Vital computer science courses include algorithm design, computational complexity, and theory of computation. Some colleges offer an undergraduate course in cryptography; take it. Keep reading books on cryptography: _The Handbook of Applied Cryptography_ by Alfred J. Menezes, Paul C. van Oorschot, and Scott A. Vanstone, or Doug Stinson's _Cryptography: Theory and Practice_. All of these books have many, many references. If something interests you, find the reference and read it. Take computer science courses; read books about computer security. Again, chase down references if something interests you.

When choosing a graduate school, choose one that has an expertise in cryptography. Things can change quickly in the academic world so I don't want to give a list of schools (you can start with MIT and Waterloo), but they're out there. Many are outside the U.S., so be open to going to a graduate school in a different countary than you're from.
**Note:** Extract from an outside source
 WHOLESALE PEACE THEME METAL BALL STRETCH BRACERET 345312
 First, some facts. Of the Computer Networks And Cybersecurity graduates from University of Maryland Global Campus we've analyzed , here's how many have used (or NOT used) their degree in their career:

One way to make a list of potential graduate schools is to look for research papers that interest you. Look at where the authors teach. When you get to graduate school, your advisor will give you far more advice on becoming a cryptographer than I ever can.

And finally, advice to people who are beyond school and working. You have two options. One, you can go back to graduate school, either full or part time. Two, you can mimic the process by yourself, without benefit of a research institution or an advisor. You can read a lot; you can apprentice yourself. If you have a good mathematics background, you can teach yourself cryptography. This option is much harder, but it is possible.

No matter where in life you are, you should try to figure out what it means to be a cryptographer. Read the existing literature to get a feel for what sort of questions cryptographers ask, how they go about answering them, and what sorts of questions are still to be answered. Find problems that you can understand, and try to solve them. Don't worry that you're "reinventing the wheel" and solving things that have already been solved; that's what learning is about. I have written a "Self-Study Course in Block Cipher Cryptanalysis" that attempts to lay out problems for a cryptography student to tackle; you can try to solve problems in any area of cryptography.

Leaning to be a cryptographer is not easy, and it makes sense to question whether that is what you really want to do. Luckily, the process has many points where you can decide to change your mind. And as I said in the beginning, many people who say they want to be cryptographers actually want to be security engineers. While the requirements for a security engineer are much the same -- read books, read research papers, take classes, learn cryptography and how it's used -- a PhD is not required.